Each party to a determination under paragraph (5) to which an entity is selected under paragraph (3) [5] in a year shall pay to the Secretary, at such time and in such manner as specified by the Secretary, a fee for participating in the IDR process with respect to such determination in an amount described in subparagraph (B) for such year.
The amount described in this subparagraph for a year is an amount established by the Secretary in a manner such that the total amount of fees paid under this paragraph for such year is estimated to be equal to the amount of expenditures estimated to be made by the Secretary for such year in carrying out the IDR process.

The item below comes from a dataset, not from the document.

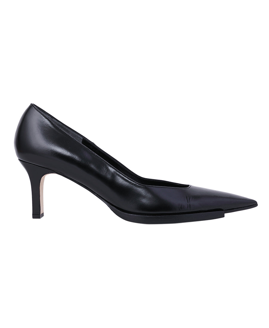 フロント部分をカットオフされたソールが特徴のポインテッドトゥパンプス。ヒール高 6.5cm。

The Secretary may modify any deadline or other timing requirement specified under this subsection (other than the establishment date for the IDR process under paragraph (2)(A) and other than under paragraph (6)) in cases of extenuating circumstances, as specified by the Secretary, or to ensure that all claims that occur during a 90-day period described in paragraph (5)(E)(ii), but with respect to which a notification is not permitted by reason of such paragraph to be submitted under paragraph (1)(B) during such period, are eligible for the IDR process.
In the case of a sponsor of a group health plan that, pursuant to subsection (a)(3)(E)(iii), uses a database described in such subsection to determine a rate to apply under such subsection for an item or service by reason of having insufficient information described in such subsection with respect to such item or service, such sponsor shall cover the cost for access to such database.
In the case of a participant or beneficiary scheduled to receive an item or service that is a specified item or service (as defined in subparagraph (B)), the Secretary may modify any timing requirements relating to the provision of the notification described in paragraph (1) to such participant or beneficiary with respect to such item or service. Any modification made by the Secretary pursuant to the previous sentence may not result in the provision of such notification after such participant or beneficiary has been furnished such item or service.
For purposes of subparagraph (A), the term “specified item or service” means an item or service that has low utilization or significant variation in costs (such as when furnished as part of a complex treatment), as specified by the Secretary.